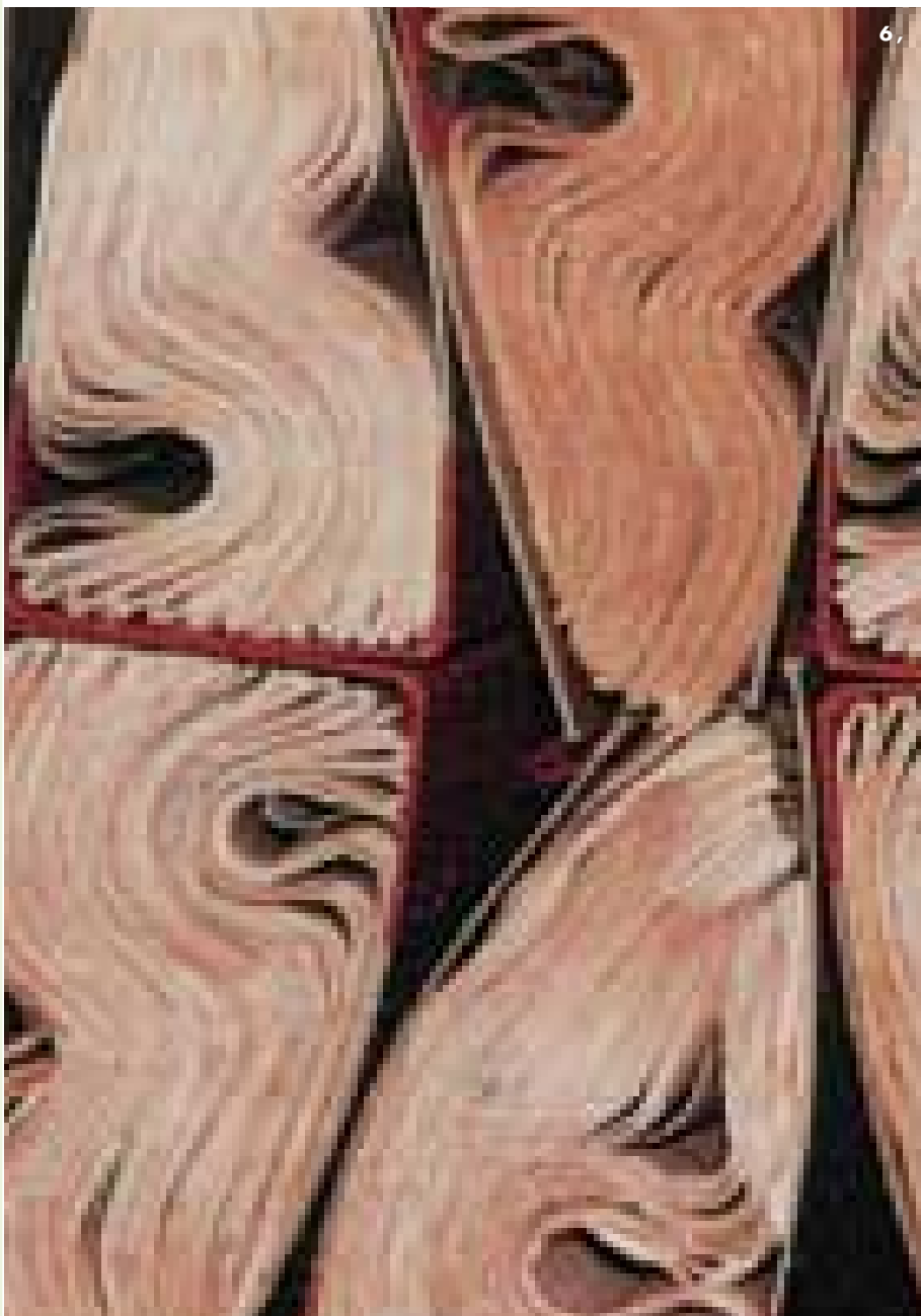
3, Portada del projecte de la casa de l'Ajuntament. 4, Llibre d'Actes Municipals de 1866. 5, Portada del Llibre de festes de 1945. 6, Imatge treta de la portada de la publicació “Reglamento del Archivo Municipal de Paterna”. Detall del dipòsit de l'Arxiu Administratiu.

“En els últims anys –comenta l'arxiver– l'arxiu ha seguit dia a dia els esdeveniments relatius a Paterna, i en eixe sentit, des de 1995 guardem tot tipus de documentació generada pels comicis electorals així com els articles de premsa (original i còpia) sobre Paterna, junt a totes les publicacions de premsa local”.
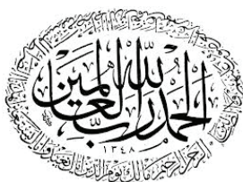
Рис. 2. Арабская каллиграфия [2]

Своеобразие и величие арабской культуры демонстрирует орнаментальная арабская вязь, передавая неповторяемый колорит Востока и, как правило, содержащая выдержки из Корана и других традиционных источников:
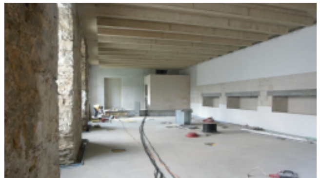
04/2009: Der neue Tagungsraum im EG Südflügel ist im Rohbau bereits fertiggestellt.
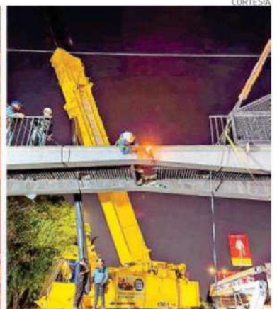
Los trabajadores llevaron a cabo diversas maniobras para realizar el retiro de una estructura del Metro, conocida como rampa antisúidicios
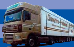
7894.51 EUR 24,50* DAF XF 105 SSC/Aerop. - Schubboden-SZ »Dimetra«
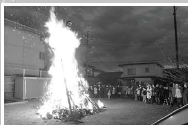
▲田町・新田町・北馬場・徒士町・旗町町会
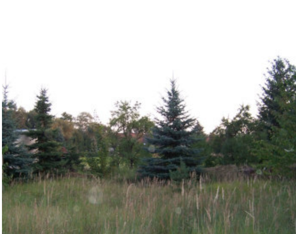
Blick über die Grundstücksgrenzen nach hinten

Kaufobjekt Glockengasse 4 – 06773 Schmerz
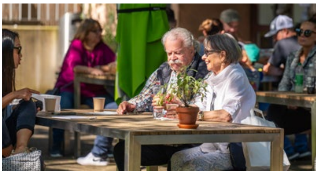
Bei schönstem Wetter gemütlich zusammensitzen und das bunte Treiben beobachten – auch das gehörte dazu.

Facebook-Link: facebook.com/stiftung.buehl.waedenswil Instagram-Link: instagram.com/stiftung_buehl
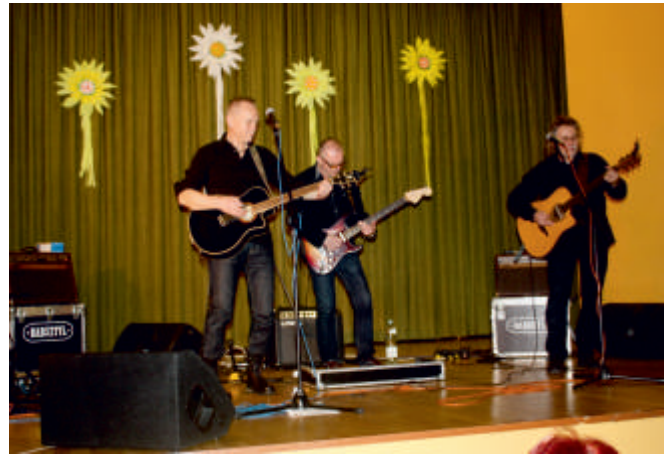
Koncert zespołu Babsztyl, Dzień Kobiet 2016 r.
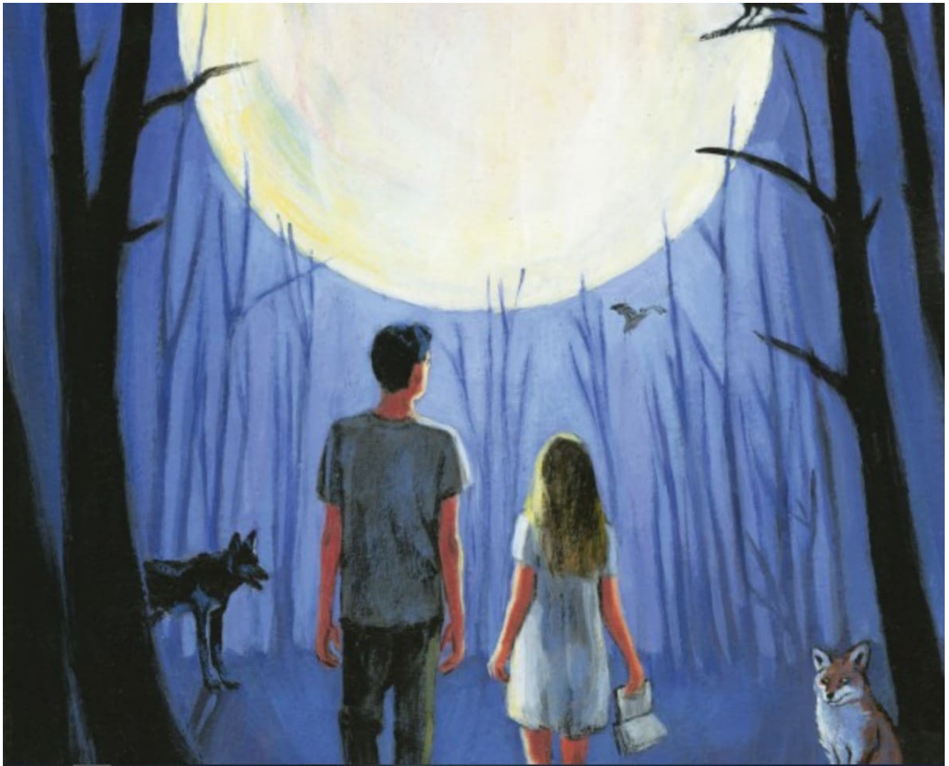
Détail de l'affiche des 7èmes « Nuits de la lecture », créée par l'artiste Aude Samama

Après l'amour en 2022, les Nuits de la lecture se tournent vers un autre genre de sensations fortes, puisque le thème choisi pour la 7ème édition est celui de la peur... Créées en 2017 par le ministère de la Culture pour promouvoir le livre et la lecture, elles sont aujourd'hui organisées par le Centre national du livre (CNL). Elles fédèrent chaque année plusieurs milliers d'événements en France, portés par les professionnels du livre et les lecteurs. Cette année le Défap y participe et a choisi pour thème « Peur de l'autre ».
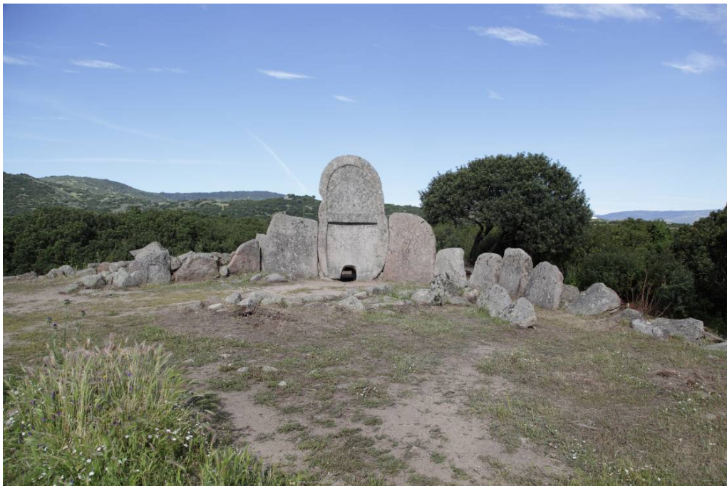
Fig. 4 - Esedra.

L'ortostato centrale coincide con l'ingresso e con la stele centinata. Non è presente un bancone sedile. Presenta una corda di 10,20 metri ed una freccia di 4,20 metri 2 .
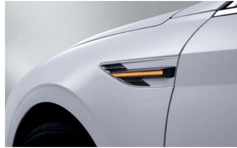
펜더 LED 방향지시등
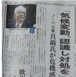
10/5 ノーベル物理学賞 真鍋淑郎氏と発表
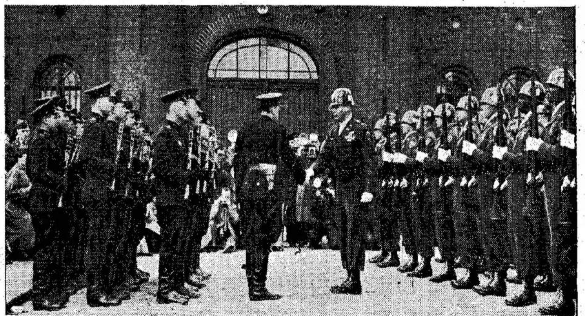
Spandau kalėjimas, kur laikomi didieji vokiečių kariniai kariai, o kitą vakariečiai, ceremonijos. Vieną pamainą Adenauer nori juos visus iš-nusikaltėliai. Prie kalėjimo sargyboje stovi tarybiniai laisvintai.

Jis buvo Mackenzie rėmėjas ilgą laiką ir buvo lyderis Pickering apylinkėj. Po pralaimėjimo ant Yonge gatvės, jis ir grupė draugų norėjo pasislėpti savo draugo
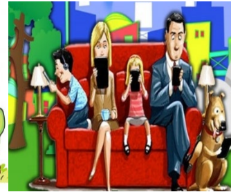
İletişimi olmayan aile
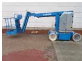
V11315 - Genie Z30/20N - 2007 Elektrisch - 11.10 Mtr. - / Hrs. € 16.250
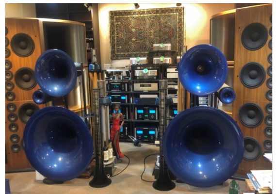
STXXを使用した音響ルーム
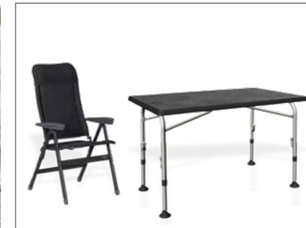
+ Tische und Stühle
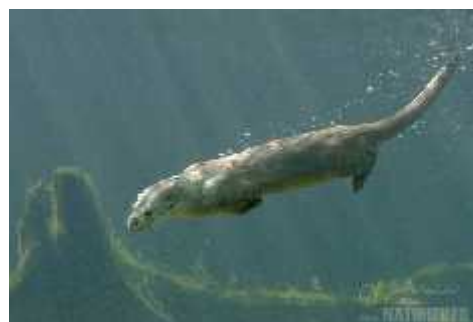
Slika 4. Kretanje vidre na kopnu, foto: J. Bohdal Slika 5. Vidra roni pod vodom, foto: J. Bohdal ( http://www.naturephoto-cz.com/otter-photo-884.html )

Od osjetila, vidra ima dobro razvijen osjet vida, sluha i njuha. U uvjetima slabe svjetlosti pod vodom oslanja se na osjet dodira pomoću brkova ( vibrissae ). Komunikacija između vidri odvija se pomoću mirisa, a rijetko glasanjem prodornim zviždukom, kratkim cvrčanjem te režanjem i pištanjem. Izmetom karakterističnog mirisa vidre označavaju svoj teritorij ostavljajući ga na istaknutim mjestima kao što su velike stijene, debla na obali, ušća pritoka i kanala u glavnu rijeku ili ispod mostova. Osim izmeta mogu se pronaći i želatinozne izlučevine. Velicina teritorija varira ovisno o fizikalnim značajkama vode i dostupnosti hrane. Srednja vrijednost gustoće vidri je jedna jedinka po 15 km toka. U zatočeništvu vidre mogu živjeti od 11 do 16 godina, dok u divljini žive puno kraće, uglavnom od 3 do 4 godine (Jelić, 2010.).
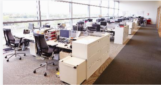
Overheidsdiensten en -kantoren
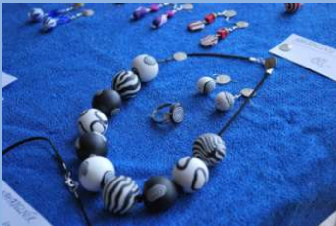
Ukázka vyrábění bižuterie
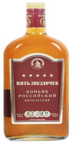
Коньяк 5 звездочный
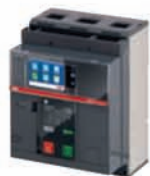
เบรกเกอร์ E1.2 Fixed Horizontal Wall mounted
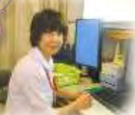
皮膚排泄ケア 認定看護師
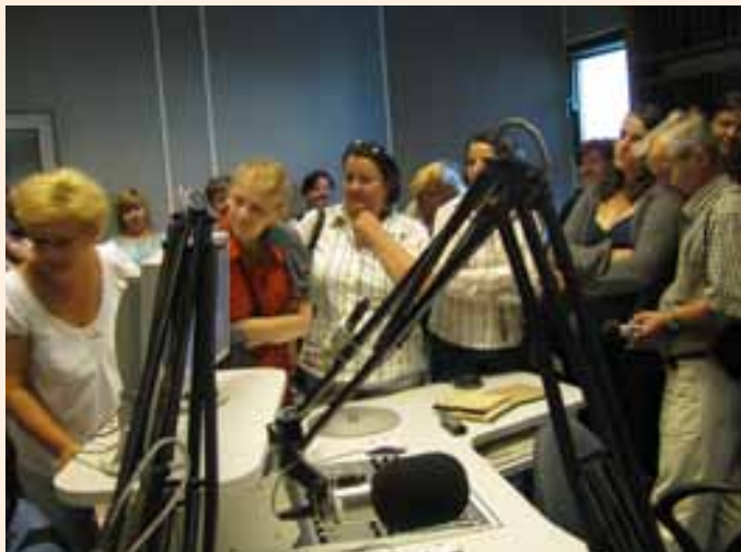
Zajęcia w studio radiowym Radia Kraków Małopolska. [FOT. CDR O/KRAKÓW]

---------------

Repeat the entries above exactly as written, but not their pictures.

3, Portada del projecte de la casa de l'Ajuntament. 4, Llibre d'Actes Municipals de 1866. 5, Portada del Llibre de festes de 1945. 6, Imatge treta de la portada de la publicació “Reglamento del Archivo Municipal de Paterna”. Detall del dipòsit de l'Arxiu Administratiu.

“En els últims anys –comenta l'arxiver– l'arxiu ha seguit dia a dia els esdeveniments relatius a Paterna, i en eixe sentit, des de 1995 guardem tot tipus de documentació generada pels comicis electorals així com els articles de premsa (original i còpia) sobre Paterna, junt a totes les publicacions de premsa local”.
Рис. 2. Арабская каллиграфия [2]

Своеобразие и величие арабской культуры демонстрирует орнаментальная арабская вязь, передавая неповторяемый колорит Востока и, как правило, содержащая выдержки из Корана и других традиционных источников:
04/2009: Der neue Tagungsraum im EG Südflügel ist im Rohbau bereits fertiggestellt.
Los trabajadores llevaron a cabo diversas maniobras para realizar el retiro de una estructura del Metro, conocida como rampa antisúidicios
7894.51 EUR 24,50* DAF XF 105 SSC/Aerop. - Schubboden-SZ »Dimetra«
▲田町・新田町・北馬場・徒士町・旗町町会
Blick über die Grundstücksgrenzen nach hinten

Kaufobjekt Glockengasse 4 – 06773 Schmerz
Bei schönstem Wetter gemütlich zusammensitzen und das bunte Treiben beobachten – auch das gehörte dazu.

Facebook-Link: facebook.com/stiftung.buehl.waedenswil Instagram-Link: instagram.com/stiftung_buehl
Koncert zespołu Babsztyl, Dzień Kobiet 2016 r.
Détail de l'affiche des 7èmes « Nuits de la lecture », créée par l'artiste Aude Samama

Après l'amour en 2022, les Nuits de la lecture se tournent vers un autre genre de sensations fortes, puisque le thème choisi pour la 7ème édition est celui de la peur... Créées en 2017 par le ministère de la Culture pour promouvoir le livre et la lecture, elles sont aujourd'hui organisées par le Centre national du livre (CNL). Elles fédèrent chaque année plusieurs milliers d'événements en France, portés par les professionnels du livre et les lecteurs. Cette année le Défap y participe et a choisi pour thème « Peur de l'autre ».
Fig. 4 - Esedra.

L'ortostato centrale coincide con l'ingresso e con la stele centinata. Non è presente un bancone sedile. Presenta una corda di 10,20 metri ed una freccia di 4,20 metri 2 .
펜더 LED 방향지시등
10/5 ノーベル物理学賞 真鍋淑郎氏と発表
Spandau kalėjimas, kur laikomi didieji vokiečių kariniai kariai, o kitą vakariečiai, ceremonijos. Vieną pamainą Adenauer nori juos visus iš-nusikaltėliai. Prie kalėjimo sargyboje stovi tarybiniai laisvintai.

Jis buvo Mackenzie rėmėjas ilgą laiką ir buvo lyderis Pickering apylinkėj. Po pralaimėjimo ant Yonge gatvės, jis ir grupė draugų norėjo pasislėpti savo draugo
İletişimi olmayan aile
V11315 - Genie Z30/20N - 2007 Elektrisch - 11.10 Mtr. - / Hrs. € 16.250
STXXを使用した音響ルーム
+ Tische und Stühle
Slika 4. Kretanje vidre na kopnu, foto: J. Bohdal Slika 5. Vidra roni pod vodom, foto: J. Bohdal ( http://www.naturephoto-cz.com/otter-photo-884.html )

Od osjetila, vidra ima dobro razvijen osjet vida, sluha i njuha. U uvjetima slabe svjetlosti pod vodom oslanja se na osjet dodira pomoću brkova ( vibrissae ). Komunikacija između vidri odvija se pomoću mirisa, a rijetko glasanjem prodornim zviždukom, kratkim cvrčanjem te režanjem i pištanjem. Izmetom karakterističnog mirisa vidre označavaju svoj teritorij ostavljajući ga na istaknutim mjestima kao što su velike stijene, debla na obali, ušća pritoka i kanala u glavnu rijeku ili ispod mostova. Osim izmeta mogu se pronaći i želatinozne izlučevine. Velicina teritorija varira ovisno o fizikalnim značajkama vode i dostupnosti hrane. Srednja vrijednost gustoće vidri je jedna jedinka po 15 km toka. U zatočeništvu vidre mogu živjeti od 11 do 16 godina, dok u divljini žive puno kraće, uglavnom od 3 do 4 godine (Jelić, 2010.).
Overheidsdiensten en -kantoren
Ukázka vyrábění bižuterie
Коньяк 5 звездочный
เบรกเกอร์ E1.2 Fixed Horizontal Wall mounted
皮膚排泄ケア 認定看護師
Zajęcia w studio radiowym Radia Kraków Małopolska. [FOT. CDR O/KRAKÓW]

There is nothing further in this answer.